Capítulo Oito: O Encontro com a Antiga Companhia de Quarto

Dez Anos de Sintonia Retorno 5416 palavras 2026-03-04 16:30:49

É estranho, conheço Kevin há pouco tempo, mas há muitas coisas do meu coração que acabo contando a ele. Inclusive coisas que nunca disse à Cai ou à Xiaoxiao...

Fazia tempo que não acordava tão cedo. Ao passar pelo balanço onde Kevin estava, vi seu olhar surpreso, quase caindo do brinquedo, e não pude conter o riso.

Espere...

"De onde veio esse balanço?"

"Comprei, claro. Acha que fui eu quem fez?"

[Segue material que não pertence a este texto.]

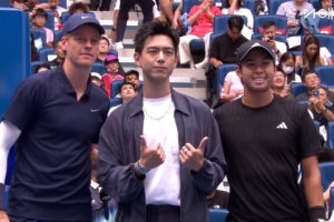 体育资讯10月1日讯 中网男单决赛,辛纳对阵勒纳-钱,李现担任现场挑边嘉宾为选手们挑边。

Parece que ele já domina as compras online do país.

"Por que você acordou tão cedo, irmã? Estou sonhando?"

Kevin desceu do balanço, apertando o próprio rosto.

Ignorei-o, terminei de me arrumar e fui trocar de roupa. Quando saí, percebi que Kevin não estava no quintal, chamei por ele algumas vezes e vi que também não estava dentro de casa.

Fiquei inquieta, lembrei das palavras do Senhor Lou e temi que o menino estivesse correndo por aí. Abri o portão, espiei na rua: muita gente, mas nada de Kevin.

Estava prestes a chamar quando ouvi uma voz familiar: "Senhor, assim não é o jeito certo!"

"Garoto, quem observa o jogo não deve falar, você já ouviu isso?"

Segui o som e virei à direita, vendo Kevin debaixo da árvore que chamam de centro de atividades para idosos, rodeado de velhos, com as mãos nas costas, imitando um especialista. Ao me ver, bateu no ombro do senhor indeciso e disse: "Senhor, essa é a moça do número cinco, aquela que nunca viu." Kevin apontou para mim, sorrindo.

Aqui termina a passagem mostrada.